PROBLEM STATEMENT.
Should pictures appear among the records, leave them out, and copy exactly only the lines from the first through the one with "Hier finden Sie", inclusive.

==== GIVEN RECORDS ====

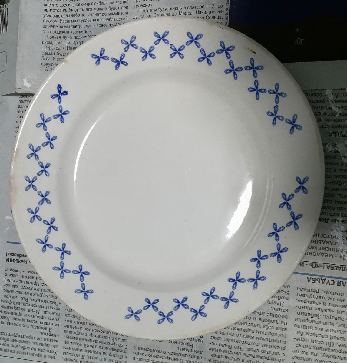 Были у меня припасены тарелки, им лет 30 в обед, тот самый случай, когда на стол уже не поставишь - местами пожелтели, местами сколоты, а выкинуть жалко.
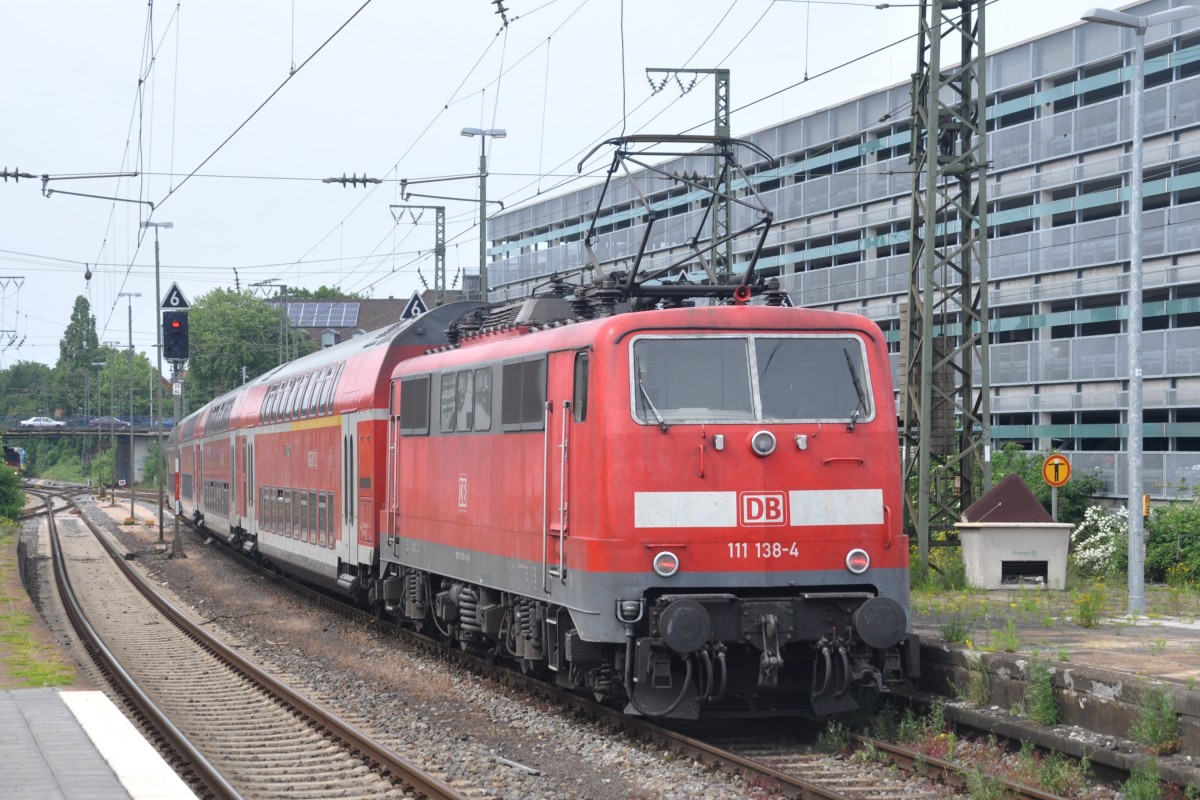 RHEINE (Kreis Steinfurt), 07.06.2014, E-Lok 111 138-4 als RE nach Emden Hbf bei der Ausfahrt
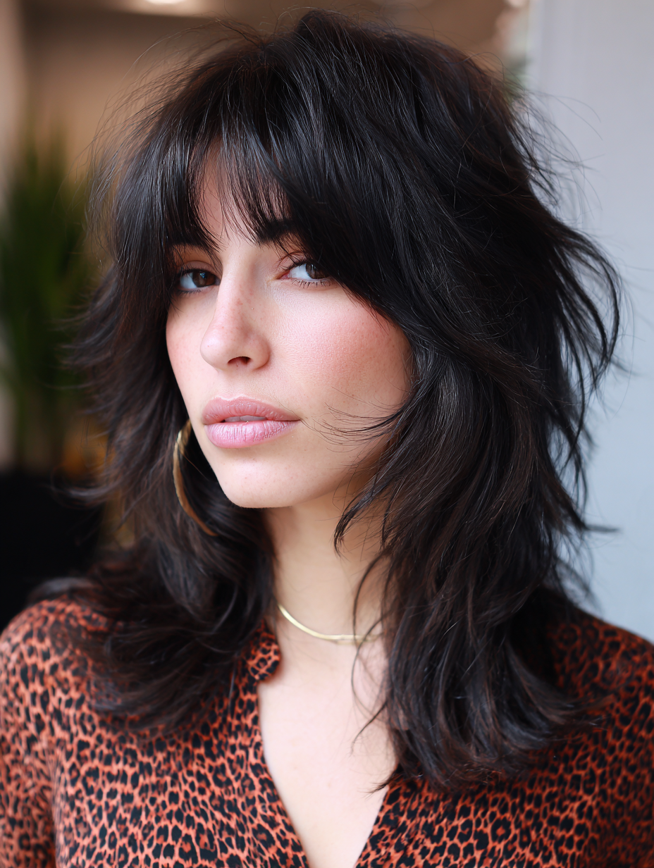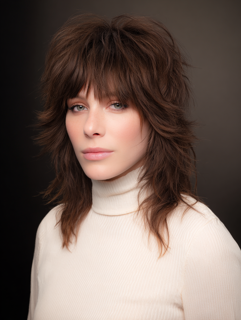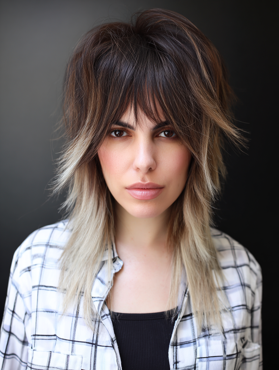 Blended bangs melt seamlessly into the side layers, making this shag feel cohesive.
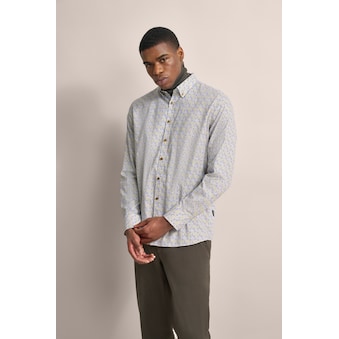 Entdecke das bedruckte bugatti Feincordhemd mit grafischem Print und Button-Down-Kragen. Hergestellt aus 100 % Baumwolle bietet es eine moderne, körpernahe Passform. Die runden 2-Knopf-Manschetten verleihen dem Hemd einen eleganten Touch. Perfekt für Herren, die Komfort und Stil verbinden wollen.
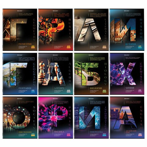 Тетради предметные, КОМПЛЕКТ 12 ПРЕДМЕТОВ, 48 л., обложка картон, BRAUBERG, "КЛАССИКА SCIENCE", 404843
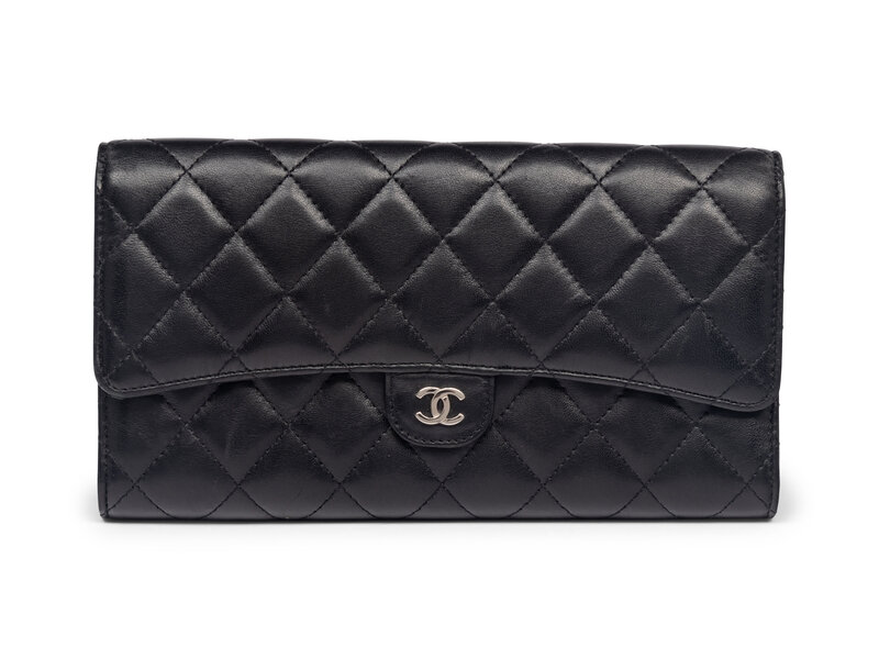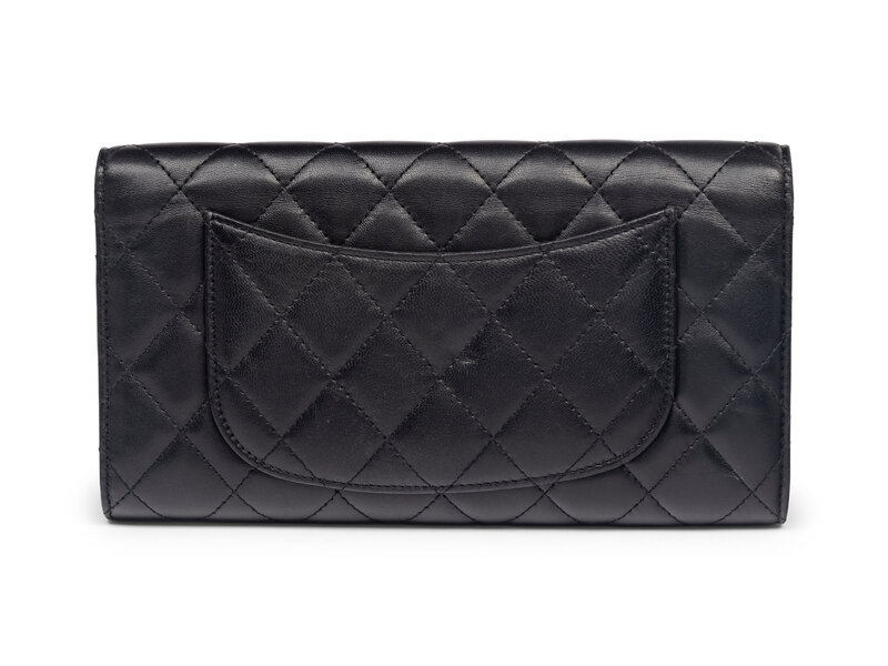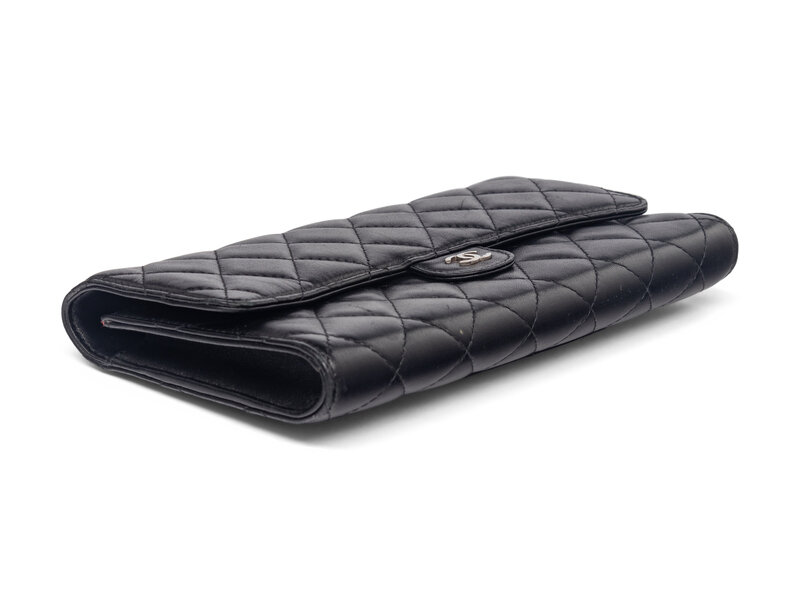 Chanel Classic Flap Wallet Clutch in Quilted Black Lambskin). Snap Closure.
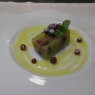 Before serving, remove the terrine from the mold if it hasn't been portioned beforehand, and cut with a warm knife.
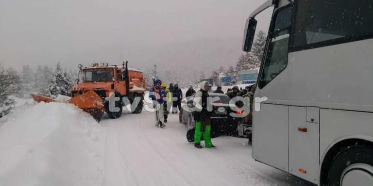 Ο οδηγός δεν είχε βάλει αλυσίδες. Το βαρύ όχημα “κόλλησε” στο δρόμο. Ταλαιπωρία για τους 50 επιβάτες μέσα στον χιονιά. Άλλο λεωφορείο “επιστρατεύτηκε” για τη μεταφορά τους.
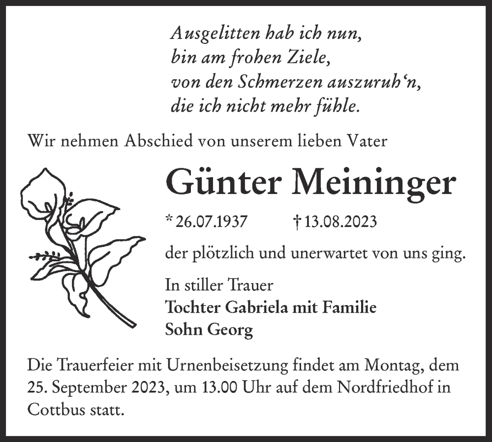 Hier finden Sie alle Traueranzeigen aus der Zeitung, die bisher für Günter Meininger erschienen sind. Weitere Traueranzeigen, die in der Zeitung erscheinen, werden hier ebenfalls aufgelistet
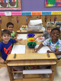 Our Pre-K 2 class explored their senses with Jell-O painting. They used different colors and flavors to experience sight and smell of each different one. They then made beautiful pictures to hang up where they could continue to experience each individual smell by using a scratch and sniff method.
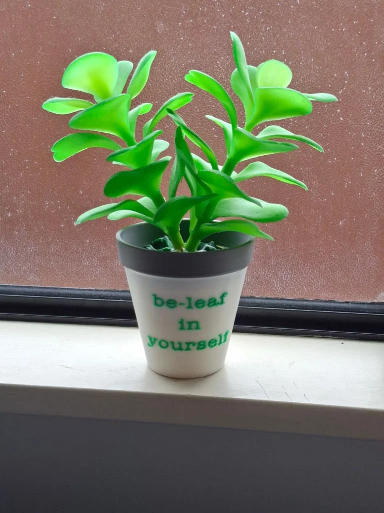 Chậu cây: câu khẳng định tích cực “be-leaf in yourself”.
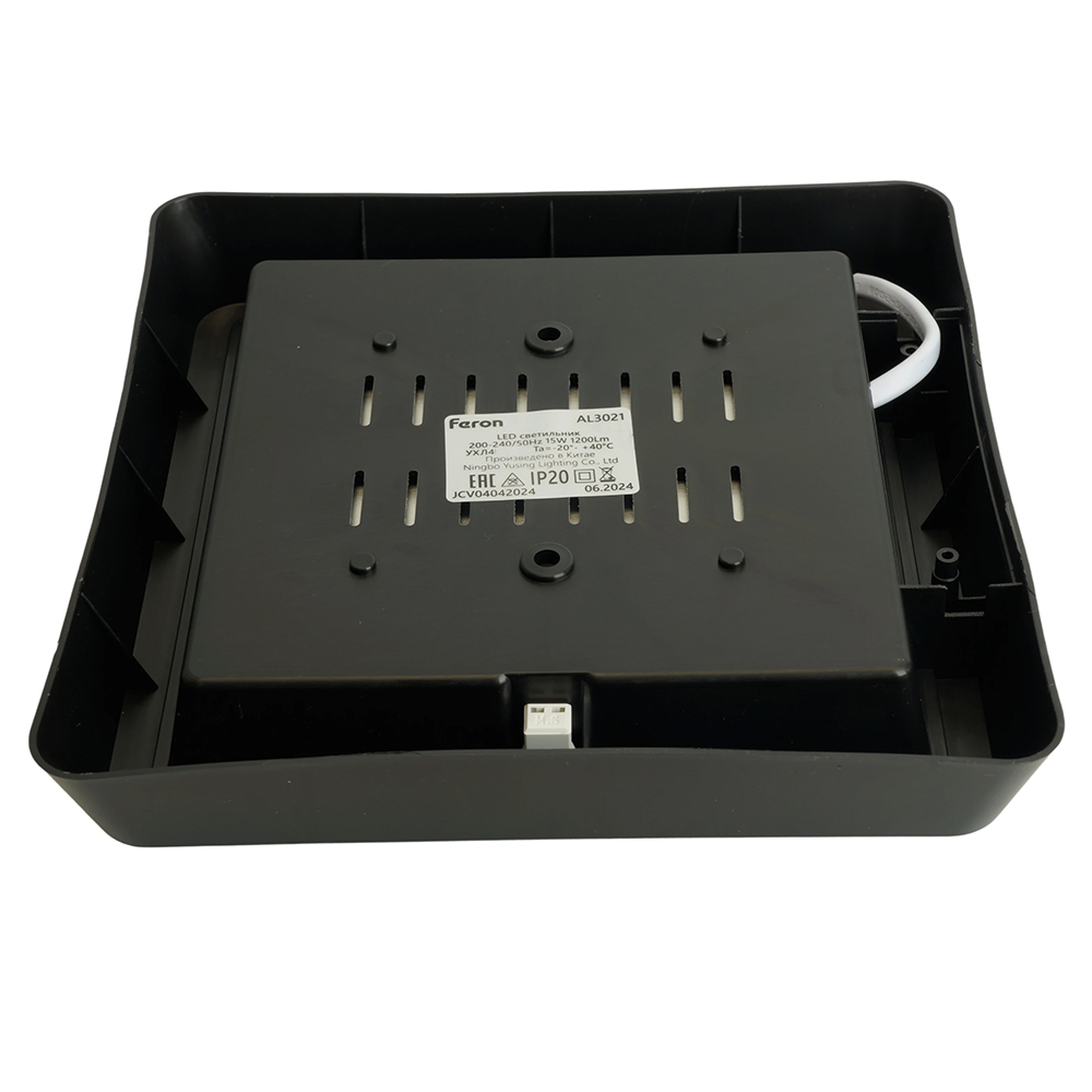 Светильник накладной светодиодный, квадрат (ДПБ) FERON AL3021, 15W, 6500К (дневной), 200-240V, 1200Lm, IP20, угол рассеивания 120°, цвет черный, корпус пластик, рассеиватель пластик, 170*170*35
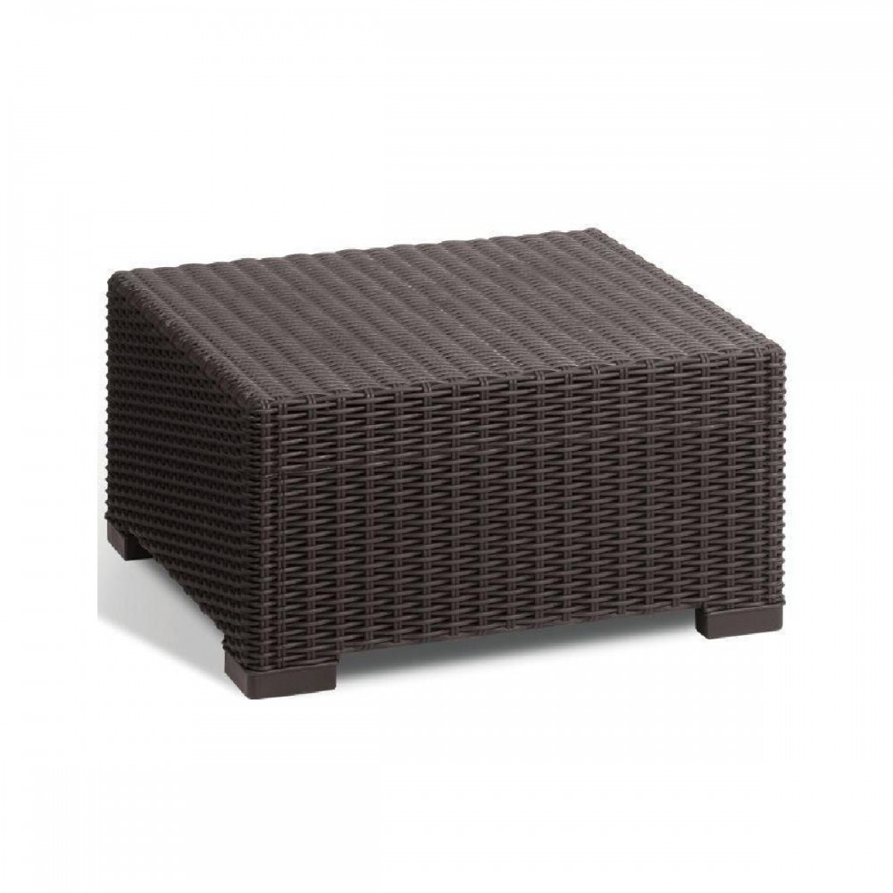 A barna színű asztalt az Allibert márka készítette, amely egy ismert csoportba tartozik (Curver és Keter mellett), amely fröccsöntött műanyag bútorok gyártásával foglalkozik. Ez a bútor vizuálisan emlékeztet a technorattan asztalokra, bár valójában polipropilénből készült. Ezt az anyagot kiváló ellenállás jellemzi a változó időjárási viszonyokkal, a napfénnyel és a hőmérséklet-különbségekkel szemben, ennek köszönhetően az asztal egész évben elérhető. A gyakorlatban ez azt jelenti, hogy egész évben kint állhat, anélkül, hogy elveszítené eredeti megjelenését. A bútorok nem igényelnek karbantartást, a legkeményebb szennyeződéseket is enyhe mosószerrel dúsított vízzel lehet eltávolítani.
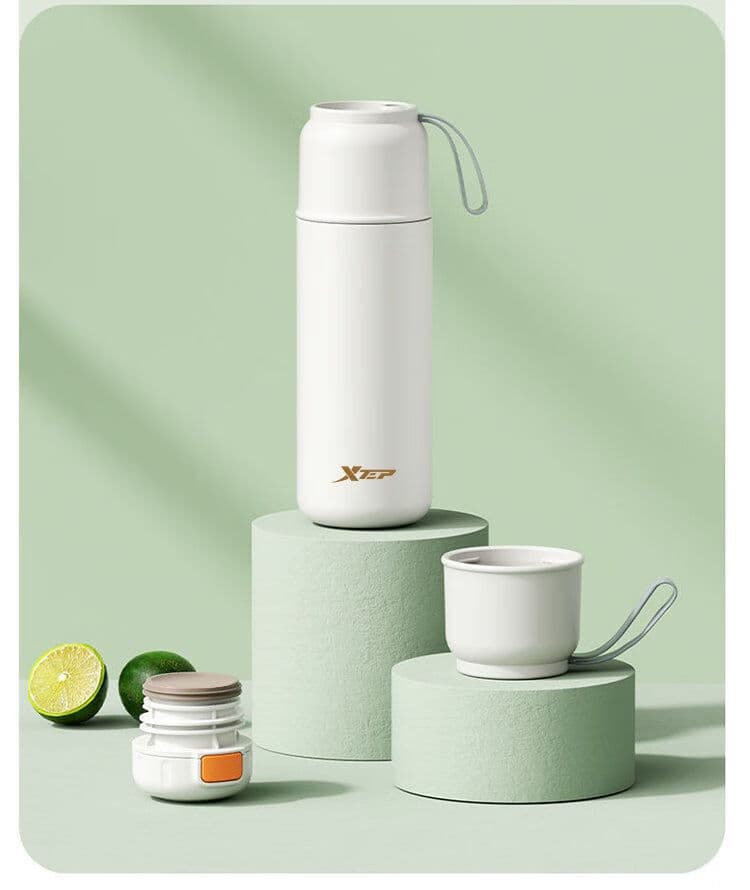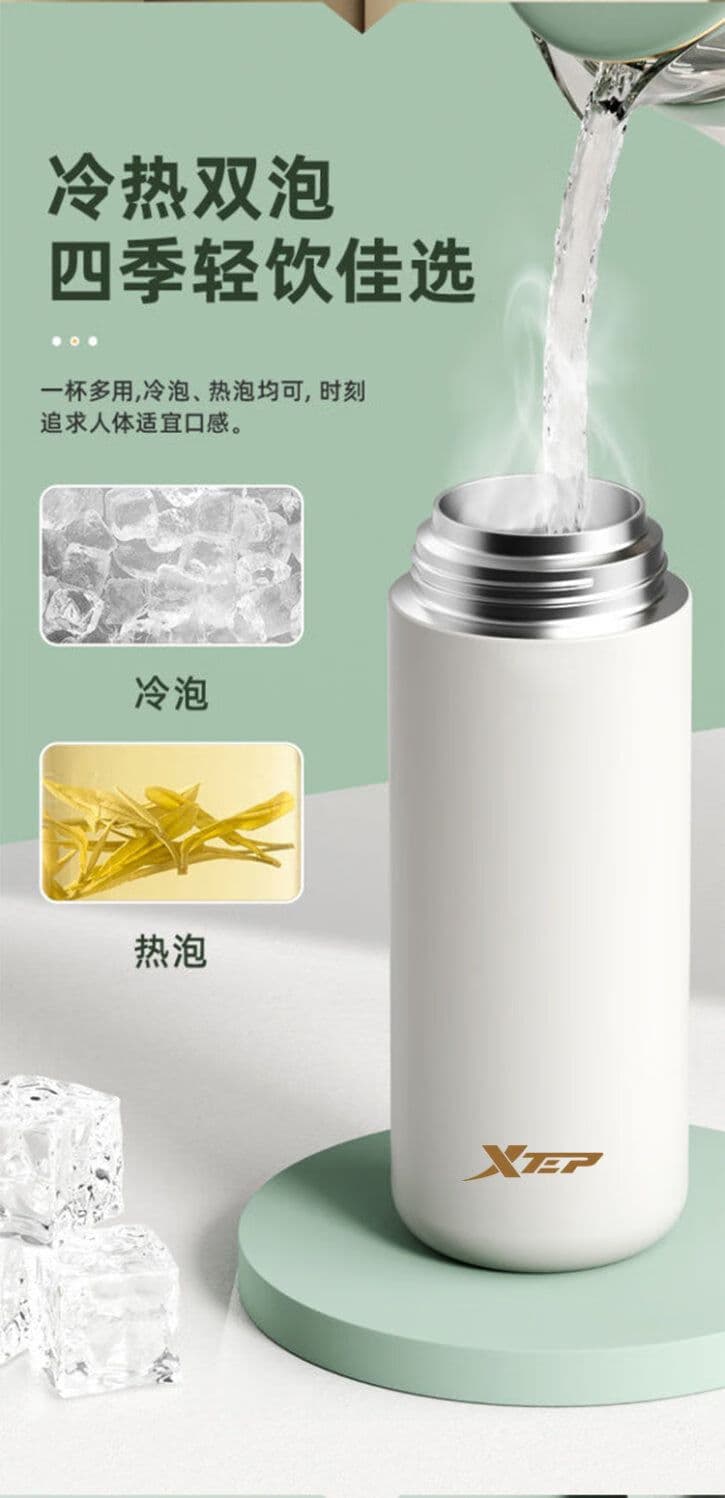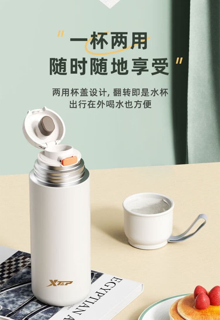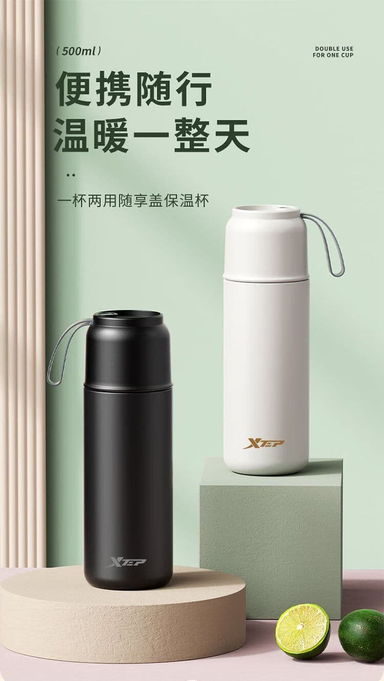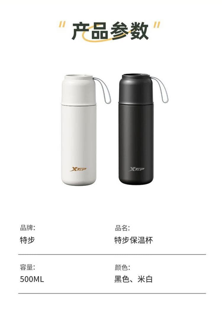 XTEP特步 运动水杯 大容量保温杯 办公室户外便携手提不锈钢水壶 500ML ABA369 双色可选
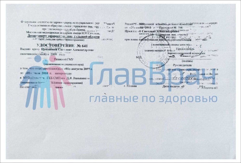 Интернатура по специальности «Терапия» на базе МУЗ «Тульская ГКБ СМП им Д.Я. Ваныкина»»
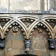 Glastonbury Abbey was supposedly founded by St. Joseph of Arimathea, who brought the Holy Grail to the Chalice Well in Glastonbury in the mid-1st century. The abbey dominated the small town for centuries and, in medieval times, became enormously rich from the offerings of devoted pilgrims who visited the shrines of the many saints and kings which the abbey presented to the gullible. Most famous were those for King Arthur, King Edmund the Magnificent, King Edmund Ironside, King Edgar the Peacemaker, St. Dunstan, St. Patrick, St. Aidan, St. Hilda, St. Bede, St. Paulinus, St. David and St. Gildas; but Glastonbury had a marvellous marketing machine and many of its claims were probably false. The pictures on this page are cropped examples of images in our high resolution photo library. Please e-mail us for details of these or similar image availability at our very reasonable reproduction rates. |
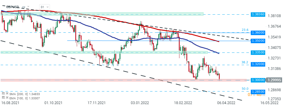 O par GBPUSD caiu fortemente nas últimas semanas, acabando por sair prejudicado com as políticas monetárias conduzidas pela FED e pelo Banco de Inglaterra (BoE). O BoE começou a ter uma postura menos hawkish durante a reunião de Março, o que pode sugerir que os decisores políticos britânicos podem estar mais preocupados com as perspectivas de crescimento do que com uma inflação elevada. Entretanto, espera-se que o FED se torne mais hawkish este ano e muitos investidores esperam uma subida de 50 pts base em Maio, o que apoia o dólar americano.

====

RESPONSE BOX.
 Были у меня припасены тарелки, им лет 30 в обед, тот самый случай, когда на стол уже не поставишь - местами пожелтели, местами сколоты, а выкинуть жалко.
 RHEINE (Kreis Steinfurt), 07.06.2014, E-Lok 111 138-4 als RE nach Emden Hbf bei der Ausfahrt
 Blended bangs melt seamlessly into the side layers, making this shag feel cohesive.
 Entdecke das bedruckte bugatti Feincordhemd mit grafischem Print und Button-Down-Kragen. Hergestellt aus 100 % Baumwolle bietet es eine moderne, körpernahe Passform. Die runden 2-Knopf-Manschetten verleihen dem Hemd einen eleganten Touch. Perfekt für Herren, die Komfort und Stil verbinden wollen.
 Тетради предметные, КОМПЛЕКТ 12 ПРЕДМЕТОВ, 48 л., обложка картон, BRAUBERG, "КЛАССИКА SCIENCE", 404843
 Chanel Classic Flap Wallet Clutch in Quilted Black Lambskin). Snap Closure.
 Before serving, remove the terrine from the mold if it hasn't been portioned beforehand, and cut with a warm knife.
 Ο οδηγός δεν είχε βάλει αλυσίδες. Το βαρύ όχημα “κόλλησε” στο δρόμο. Ταλαιπωρία για τους 50 επιβάτες μέσα στον χιονιά. Άλλο λεωφορείο “επιστρατεύτηκε” για τη μεταφορά τους.
 Hier finden Sie alle Traueranzeigen aus der Zeitung, die bisher für Günter Meininger erschienen sind. Weitere Traueranzeigen, die in der Zeitung erscheinen, werden hier ebenfalls aufgelistet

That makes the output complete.